The FCO’s decision shows a current trend to closely scrutinize general business terms and conditions of companies with strong market positions.[8] It also marks a first step by the FCO to engage tech companies collecting large amounts of data from a competition law perspective. The FCO clearly considers access to personal data to be the decisive resource defining incumbency for tech companies. The FCO’s president, Andreas Mundt, described the obligations imposed on Facebook as a form of “internal unbundling”; thereby limiting Facebook’s future use of user data for its, e.g., targeted advertising activities or other services. The Facebook decision could therefore become a blueprint for other abuse proceedings in digital platform markets. While the FCO stressed that it liaised closely with the European Commission and other competition authorities, it nonetheless remains to be seen whether the other authorities would follow the FCO’s decision in light of the specific German case law underlying the FCO’s approach.
Facebook has already appealed the FCO’s decision to the Düsseldorf Court of Appeals (Oberlandesgericht Düsseldorf, “DCA”) and, in addition, requested the court to suspend the decision’s effects in the interim.
[1] FCO Press Release, “Bundeskartellamt prohibits Facebook from combining user data from different sources”, February 7, 2019, available in English here, FCO Case Summary (B6-22/15), “Facebook, Exploitative business terms pursuant to Section 19(1) GWB for inadequate data processing”, February 15, 2019, available in English here, and FCO Background Paper, “Bundeskartellamt prohibits Facebook from combining user data from different sources – Background information on the Bundeskartellamt’s Facebook proceeding”, February 7, 2019, available in English here. A non-confidential version of the decision is available in German only here.

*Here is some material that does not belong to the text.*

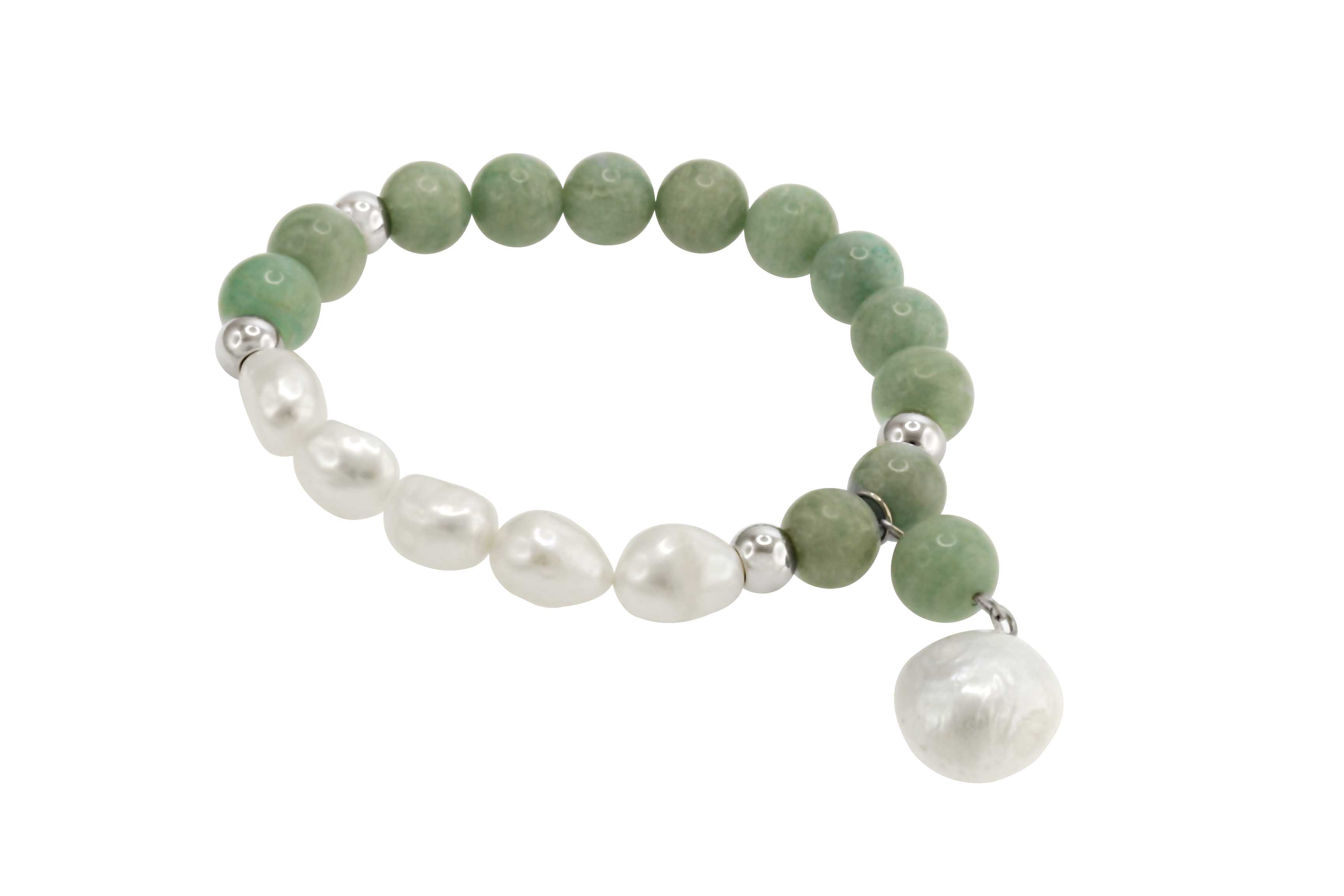STAINLESS STEEL ELASTIC BRACELET WITH AMAZONE STONE AND FRESH WATER PEARL

[2] Such as “like” or “share” buttons, “Facebook logins”, or analytics services implemented through “Facebook Pixel” or mobile software development kits.
[3] The FCO refers to the European Commission’s Facebook/WhatsApp (Case COMP/M.7217), decision of October 3, 2014, that separated consumer communication services from social networks, para. 15, available here. However, the FCO stated that even if YouTube, Snapchat, Twitter, WhatsApp, and Instagram were to be included in the relevant market, Facebook would still be presumed to be dominant.
[4] The FCO based its decision on the general provision of Section 19(1) of the German Act against Restraints of Competition (ARC).
[5] VBL-Gegenwert (KZR 47/14), FCJ decision of January 24, 2017, and Pechstein (KZR 6/15), FCJ decision of June 7, 2016.
[6] The FCO also found that these practices provided Facebook with a competitive advantage to the detriment of its competitors, thereby further increasing the existing barriers to entry.
[7] FCO Case Summary, p. 11.
[8] For example, the FCO recently (in November 2018) also initiated proceedings regarding Amazon’s terms and conditions and its behaviour vis-à-vis the retailers on its German marketplace platform amazon.de.